Iranians calling for the death of Israel and the infidel cartoonists confirms in the minds of many the stereotypes of Islamic hate propaganda. What could be more legitimate than attacking the ultimate means of 'terror' - nuclear bombs in the hands of 'fundamentalists' in Iran. The US should know, it used them deliberately to terrorise Japan into a quick surrender in the Second World War. Finally, whatever the logic of the 'war on terror' it is not something that emerges from the stupidity of a rightwing neo-con US ruling class faction or a President who 'can't find his ass'.A stupid person is a real thing, but capital is not a thing, it's a social relation which dominates us all stupid or not. The logic of capital, not the illogic of Bush is what forces the US into increasingly risky actions to foreclose on its imperialist rivals, and to prevent any future anti-US bloc from forming, especially one with nuclear weapons. The US may not bomb Iran in March 2006, and it surely will not invade it in the near future, but keeping the options open is sufficient reason for the workers of the world to prepare for an attack and to mount a response that goes beyond marching and praying.

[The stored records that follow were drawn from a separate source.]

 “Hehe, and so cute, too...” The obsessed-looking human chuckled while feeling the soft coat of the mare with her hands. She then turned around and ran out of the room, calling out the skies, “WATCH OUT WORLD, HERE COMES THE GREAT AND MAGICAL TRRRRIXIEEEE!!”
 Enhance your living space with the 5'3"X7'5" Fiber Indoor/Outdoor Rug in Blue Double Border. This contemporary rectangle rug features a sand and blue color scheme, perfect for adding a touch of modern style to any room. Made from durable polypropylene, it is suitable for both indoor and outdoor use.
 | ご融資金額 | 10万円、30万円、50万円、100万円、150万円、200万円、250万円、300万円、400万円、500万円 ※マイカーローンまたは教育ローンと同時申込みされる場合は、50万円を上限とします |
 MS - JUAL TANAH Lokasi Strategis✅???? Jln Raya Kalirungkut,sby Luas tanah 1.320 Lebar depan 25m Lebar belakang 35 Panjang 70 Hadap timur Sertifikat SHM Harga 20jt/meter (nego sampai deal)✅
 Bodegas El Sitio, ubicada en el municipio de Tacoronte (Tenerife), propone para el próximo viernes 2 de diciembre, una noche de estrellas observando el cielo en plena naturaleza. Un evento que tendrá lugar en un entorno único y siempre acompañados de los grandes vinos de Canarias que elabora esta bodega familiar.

Dave's comments seem to me to focus too much on economic necessity and not enough on political irrationality. In particular, Dave leaves out mentioning that it is the invasion of Iraq which has so strengthened Iran's hand in the Middle East that it can take a much more confrontational attitude to the US and hope to get away with it. Iran has huge leverage in Iraq because of its very close ties to the forces that dominate the government there. How do the wargamers designing scenarios for an attack on Iran think that the Shia population of Iraqis likely to respond to such an action? The US is going to have to put up with the fact that Iran has become a regional power, rivalled only by Israel, largely as a result of US actions in Iraq.

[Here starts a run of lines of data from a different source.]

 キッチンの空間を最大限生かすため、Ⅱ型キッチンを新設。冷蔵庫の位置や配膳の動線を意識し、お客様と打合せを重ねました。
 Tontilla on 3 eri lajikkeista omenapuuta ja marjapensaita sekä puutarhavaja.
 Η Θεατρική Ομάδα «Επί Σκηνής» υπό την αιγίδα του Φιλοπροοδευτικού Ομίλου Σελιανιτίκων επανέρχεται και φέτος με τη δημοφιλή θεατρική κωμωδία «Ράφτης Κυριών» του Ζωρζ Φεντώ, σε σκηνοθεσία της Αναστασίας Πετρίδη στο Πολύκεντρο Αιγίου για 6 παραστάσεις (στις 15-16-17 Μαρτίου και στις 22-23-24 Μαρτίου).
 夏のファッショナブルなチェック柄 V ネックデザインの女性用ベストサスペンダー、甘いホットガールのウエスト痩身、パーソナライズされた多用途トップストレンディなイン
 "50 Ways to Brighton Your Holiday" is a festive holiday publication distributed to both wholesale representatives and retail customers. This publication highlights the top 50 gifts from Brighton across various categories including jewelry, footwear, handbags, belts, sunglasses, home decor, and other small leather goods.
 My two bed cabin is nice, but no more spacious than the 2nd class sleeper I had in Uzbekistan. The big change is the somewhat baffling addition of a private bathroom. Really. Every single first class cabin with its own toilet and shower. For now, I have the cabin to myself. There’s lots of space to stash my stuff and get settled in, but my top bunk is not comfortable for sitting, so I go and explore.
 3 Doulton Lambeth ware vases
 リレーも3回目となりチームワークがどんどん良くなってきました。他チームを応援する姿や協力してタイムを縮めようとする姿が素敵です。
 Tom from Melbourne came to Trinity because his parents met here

I see the idea as the work of people frustrated by the failure of the US to take control ofthe situation in the Middle East in the past fewyears. The situation in Iraq has spun well out of control, imperilling rather cementing US hegemony in the region. War on new enemies becomes a sort of silver bullet for the more or less intractable problems inIraq. There are intriguing similarities with the US focus on Cambodia as the 'solution' to the crisis in Vietnam in the early 70s. An attack on Iran now would be as irrational and counterproductive as the invasion of Cambodia was back then. It's probably just as likely.

1 Comments:

Anonymous Anonymous said...

I would say that the link between economics, politics and war is pretty direct right now, so that the political is driven by the immediate economic needs of the US economy.

Goff mentions the ungovernability of Iraq if the US attacks Iraq. That's a possibility, but I don't think it would deter the Bushites. Not when the whole strategic dominance of the US is at stake.

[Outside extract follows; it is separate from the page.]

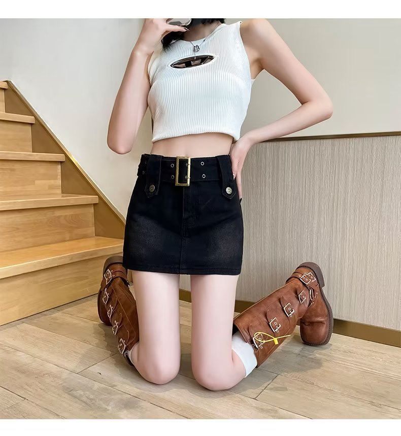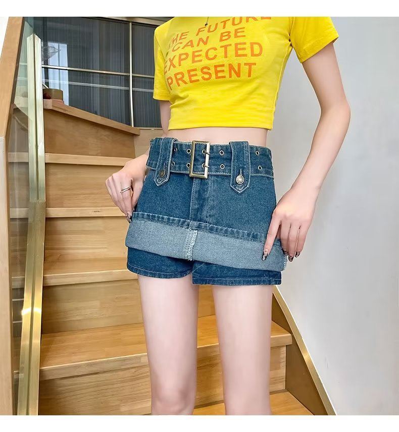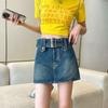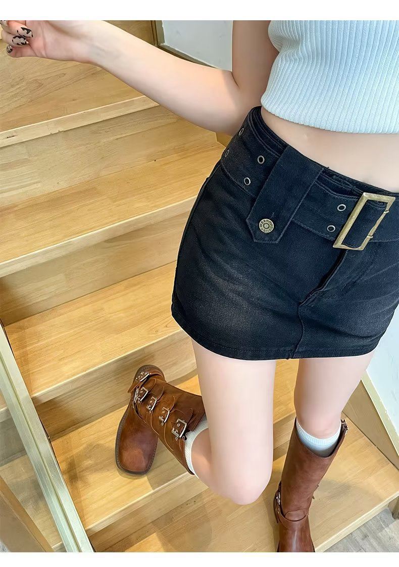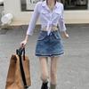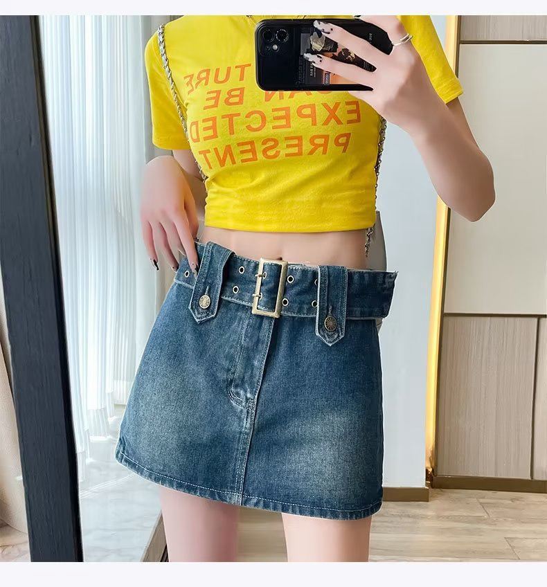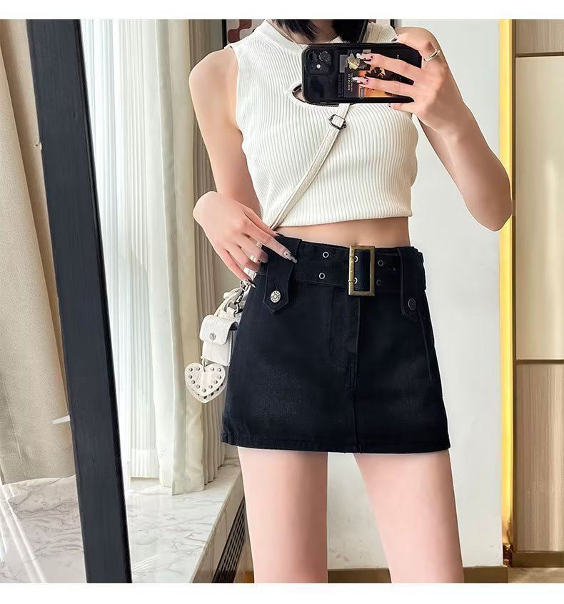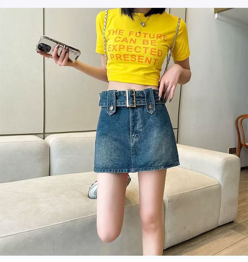 Falda vaquera vintage para mujer, primavera y verano, estilo americano, cintura alta, línea A, antiluz, cadera

The long term economic determinant is made up of a whole lot of short term necessities like the vulnerability of the US dollar. Goff misses the point made by Peter Gowan (though he seems to like him probably because in the end Gowan too thinks that the goodie bosses can rescue America) that the US needs a new 'red scare' to allow it to act as world policeman and keep its failing economy afloat. The casting of Islam in that role is the result.

Pilger talks of the fear that the dollar will collapse if Iran starts selling its oil for Euros. He even talks of the US invading that province next to Iraq which has 80% of Iran's oil. These were pretty much the considerations in Iraq. No WMD, no critical need for oil, but a strategic need to dump Saddam and assert global dominance.

Maybe the invasion of Iran would be the Cambodia effect given that the US may think that we think its losing in Iraq. The US economic situation is so fundamentally desperate that I don't see a few trillion spent on another war here or there in maintaining its 'primacy' making much difference. Especially if it gives the WOT a new lease of life at home and abroad.